One of the goals of Hadoop is to make it possible to do distributed data over multiple drives bought at a typical computer store. We are not talking about some huge mainframe, but about off the shelf drives you might buy at Amazon, Newegg or at Fry’s Electronics.

Hadoop is designed to solve problems associated with huge datasets. If you a site gets 100 million visitors each month, each of which leaves a trail of data one megabyte in size, then the site must track 100 million megabytes a month, or over a billion megabytes a year.

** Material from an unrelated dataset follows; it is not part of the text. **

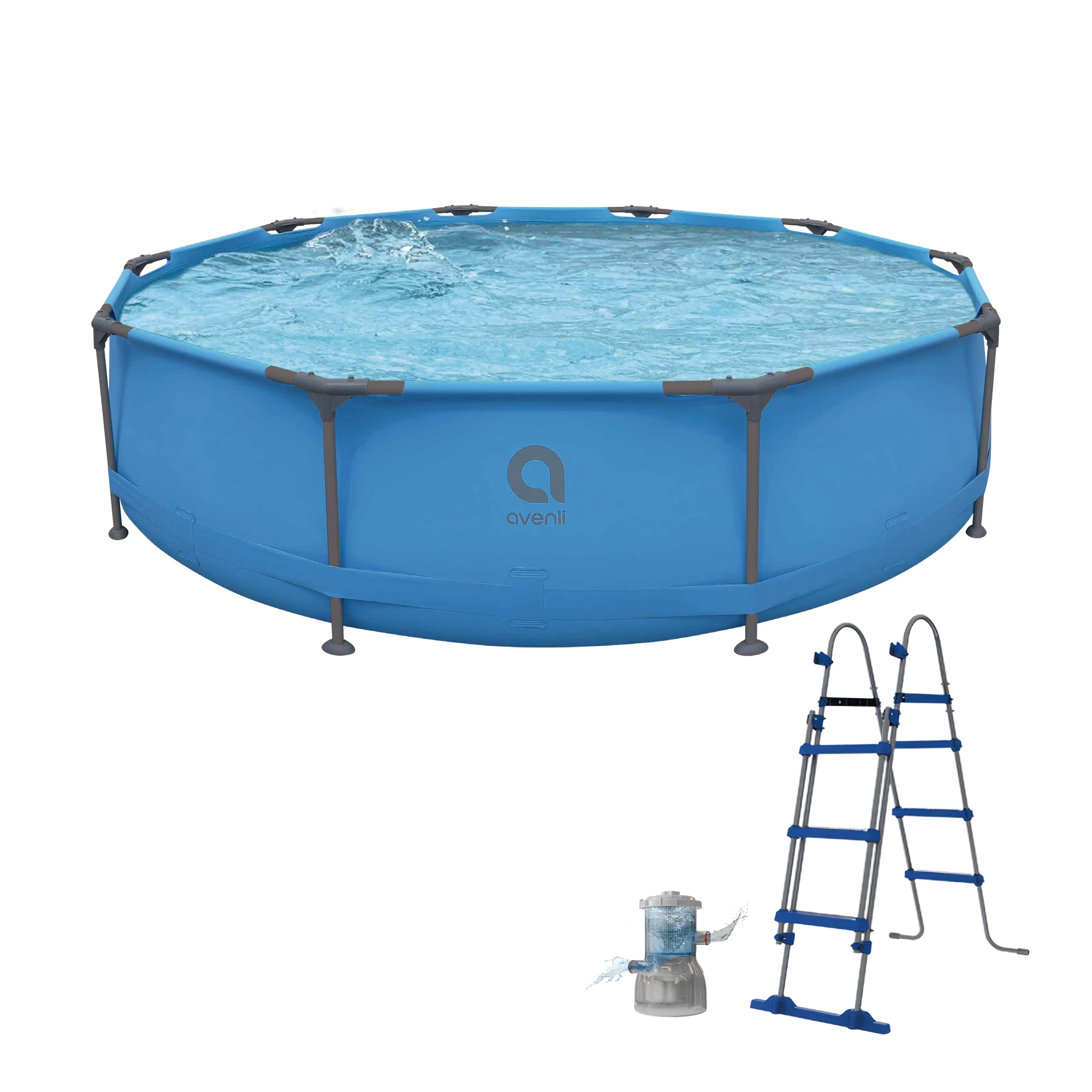 Užijte si osvěžení během horkých letních dnů přímo na vlastní zahradě. Stelažový bazén AVENLI o průměru 305 cm a výšce 76 cm je ideální pro rodinnou zábavu i relaxaci. Stabilní konstrukce z kovového rámu zajišťuje pevnost a dlouhou životnost, zatímco odolná třívrstvá PVC fólie poskytuje vysokou odolnost proti poškození.

Hadoop was partially developed at Google, and they use it to solve many of their problems.

MapReduce and HDFS

If we are going to distribute data over 100 hard drives, then we need to find a way to reassemble it, or to combine it with other bits of data quickly and easily. The part of Hadoop called MapReduce addresses this issue. Map/Reduce assembles the bits of data across the various hard drives, but it does more than that. It allows developers to create applications that run concurrently across all the nodes of the system, with one set of tasks performed on one machine, another on a second machine and so on. That is the Map part of the equation. Then the reduce part of the equation takes all these distributed pieces of work and assembles the results.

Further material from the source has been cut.